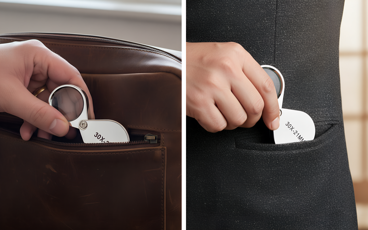 Rama ușoară se strecoară cu ușurință în orice buzunar sau săculeț. Aveți mereu o mărire puternică la îndemână oriunde mergeți.
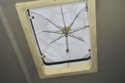 近日,網(wǎng)友在大渝網(wǎng)上發(fā)帖《公交車內(nèi)雨傘遮頭》,該網(wǎng)友稱,前幾天出門,自己上了一輛373路公交車,剛一坐到位置上,頓時被雷倒了。他稱,公交車上的天窗竟然變成了一把雨傘,雖然有點夸張,倒也還算密不透風(fēng)。該網(wǎng)友笑稱:“這一定是重慶新發(fā)明的天窗,方便在車子燃燒的時候逃生!
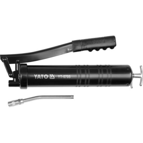 A Yato márkájú karos zsírzó a mechanikus elemek, például tengelyek, csapok, csapágyak nagynyomású kenésére szolgáló eszköz. 400 ml- es acélhengerből készül, amelyet kézi dugattyú működtet. A dugattyú csúcsminőségű gumi tömítéssel rendelkezik, amely elle
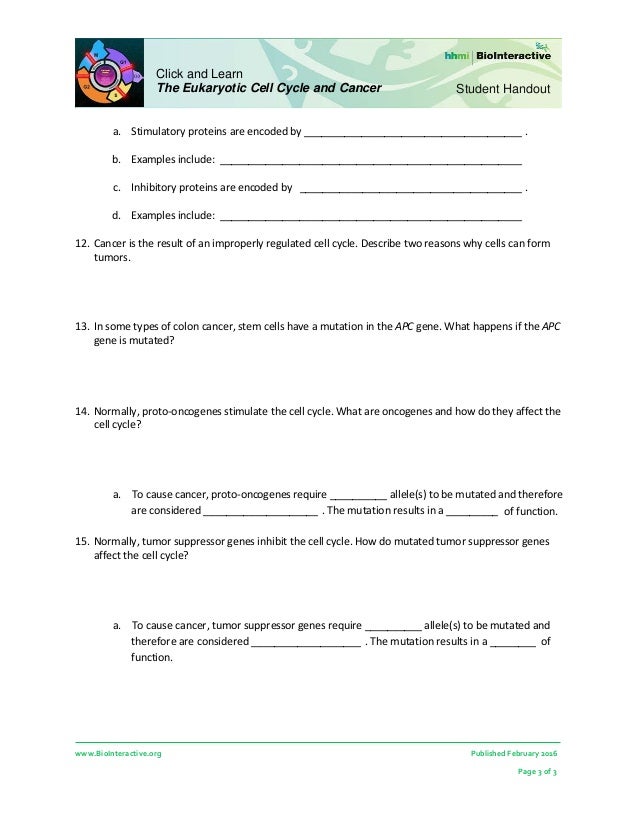 Eukaryotic cell cycle and cancer answer key. THE EUKARYOTIC CELL CYCLE AND CANCER. What are the three stages of cell division. The Results for Biointeractive The Eukaryotic Cell Cycle And Cancer Answer Key.
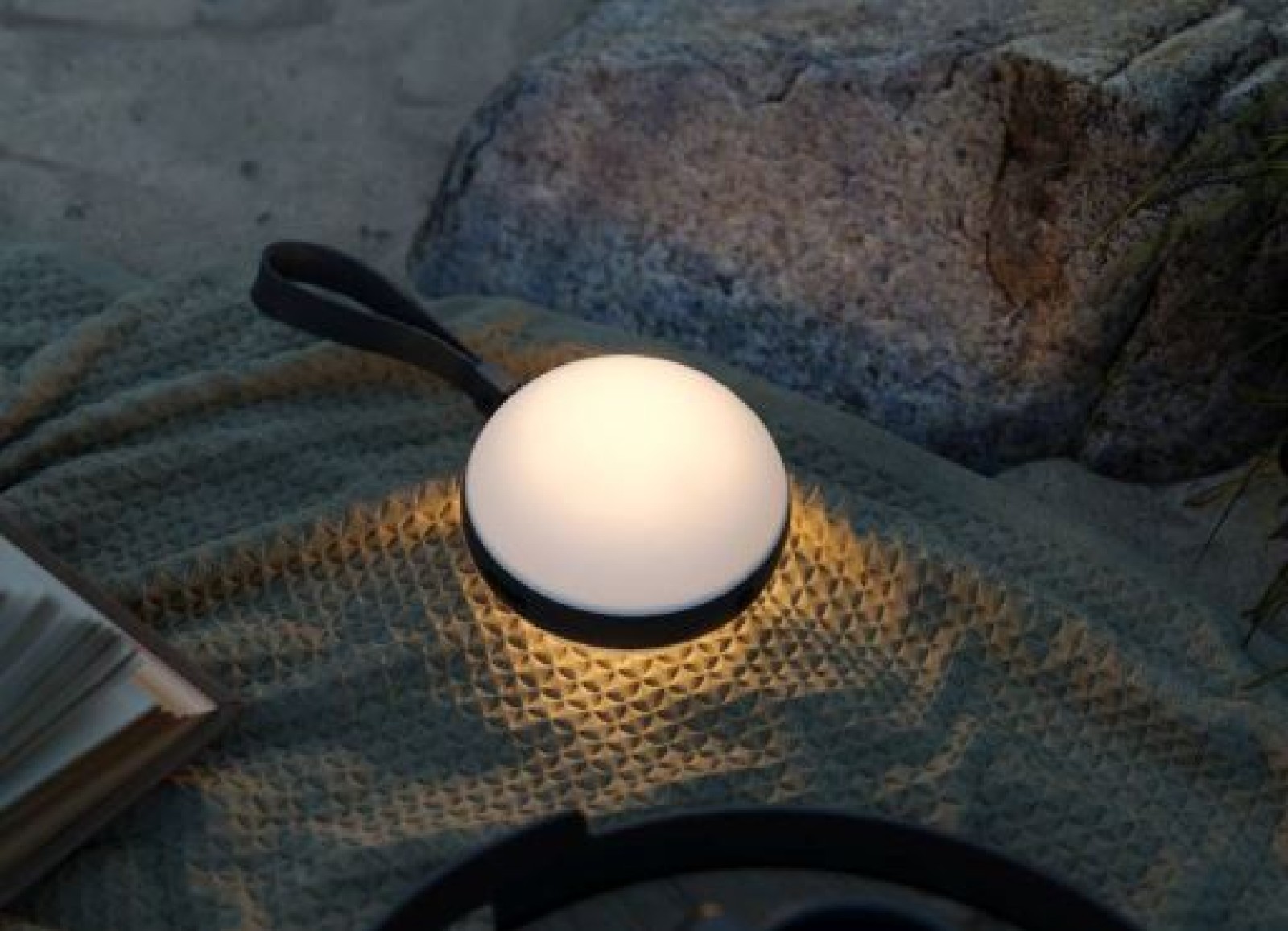 Valmistettu kierrätysmateriaaleista. Valaisimen pinta kestää vettä, joten se on kätevä ottaa mukaan esimerkiksi rannalle, puistoon tai terassille luomaan tunnelmavalaistusta lämpimiin kesäiltoihin.
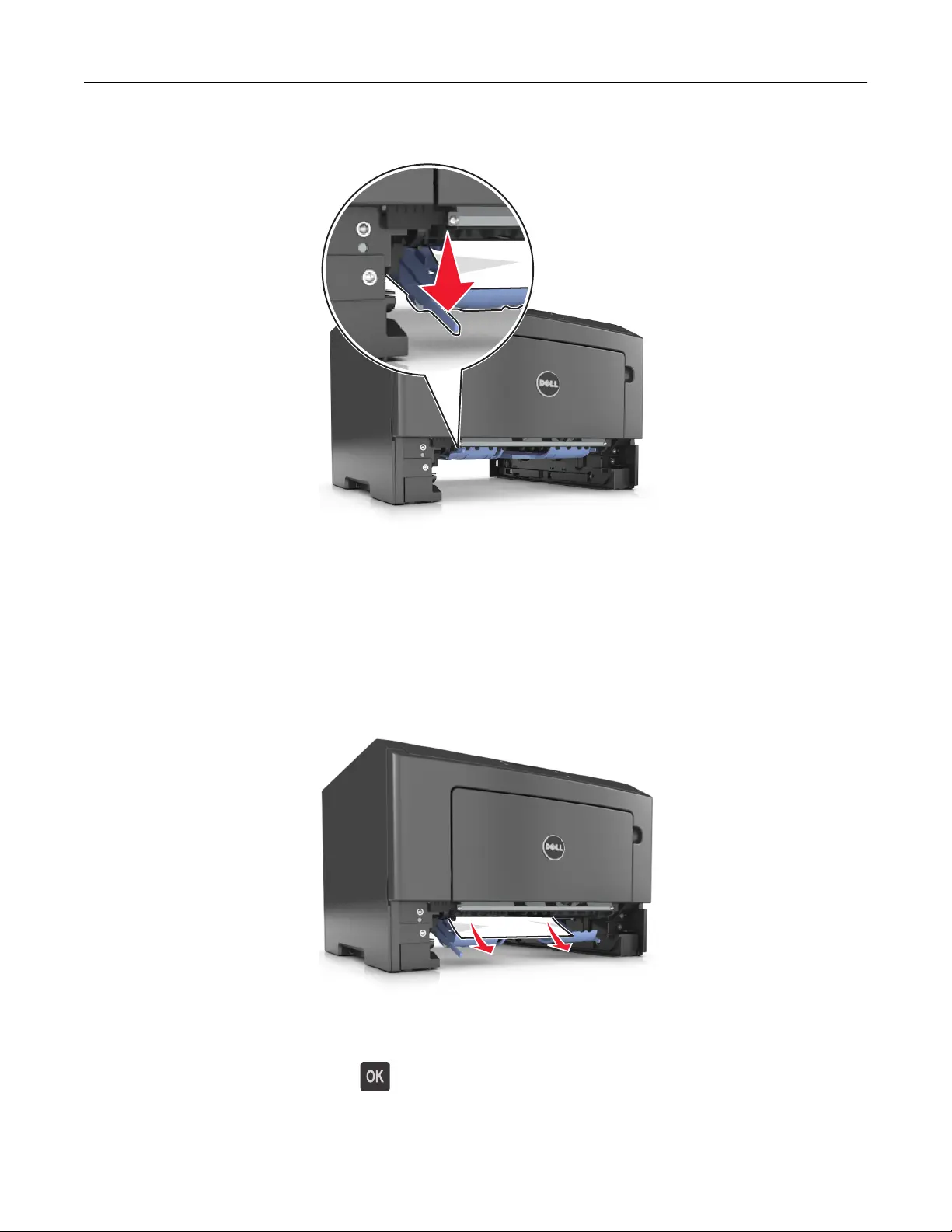 Note: If the jammed paper is not visible in the duplex area, then open the rear door, and then gently remove the
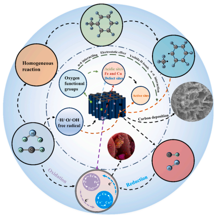 在Journal of Environmental Chemical Engineering上发表的“Efficient hydrogen conversion of toluene via biochar-supported Fe-Cu bimetallic catalyst under CO2-steam synergistic conditions”(点击阅读),硕士研究生张健凯为第一作者,叶超副教授为通讯作者,bat365正版唯一官网为第一单位。研究结果表明,Fe-Cu双金属的协同效应增强了催化剂金属位点的抗氧化性,降低了反应的活化能,并提高了对碳沉积的抵抗力。该研究为双金属催化剂对甲苯高效氢转化提供了理论基础。

============================================================

Assignment: Images are to be omitted; repeat the remaining data above exactly.

Written answer:
 Rama ușoară se strecoară cu ușurință în orice buzunar sau săculeț. Aveți mereu o mărire puternică la îndemână oriunde mergeți.
 近日,網(wǎng)友在大渝網(wǎng)上發(fā)帖《公交車內(nèi)雨傘遮頭》,該網(wǎng)友稱,前幾天出門,自己上了一輛373路公交車,剛一坐到位置上,頓時被雷倒了。他稱,公交車上的天窗竟然變成了一把雨傘,雖然有點夸張,倒也還算密不透風(fēng)。該網(wǎng)友笑稱:“這一定是重慶新發(fā)明的天窗,方便在車子燃燒的時候逃生!
 A Yato márkájú karos zsírzó a mechanikus elemek, például tengelyek, csapok, csapágyak nagynyomású kenésére szolgáló eszköz. 400 ml- es acélhengerből készül, amelyet kézi dugattyú működtet. A dugattyú csúcsminőségű gumi tömítéssel rendelkezik, amely elle
 Eukaryotic cell cycle and cancer answer key. THE EUKARYOTIC CELL CYCLE AND CANCER. What are the three stages of cell division. The Results for Biointeractive The Eukaryotic Cell Cycle And Cancer Answer Key.
 Valmistettu kierrätysmateriaaleista. Valaisimen pinta kestää vettä, joten se on kätevä ottaa mukaan esimerkiksi rannalle, puistoon tai terassille luomaan tunnelmavalaistusta lämpimiin kesäiltoihin.
 Note: If the jammed paper is not visible in the duplex area, then open the rear door, and then gently remove the
 在Journal of Environmental Chemical Engineering上发表的“Efficient hydrogen conversion of toluene via biochar-supported Fe-Cu bimetallic catalyst under CO2-steam synergistic conditions”(点击阅读),硕士研究生张健凯为第一作者,叶超副教授为通讯作者,bat365正版唯一官网为第一单位。研究结果表明,Fe-Cu双金属的协同效应增强了催化剂金属位点的抗氧化性,降低了反应的活化能,并提高了对碳沉积的抵抗力。该研究为双金属催化剂对甲苯高效氢转化提供了理论基础。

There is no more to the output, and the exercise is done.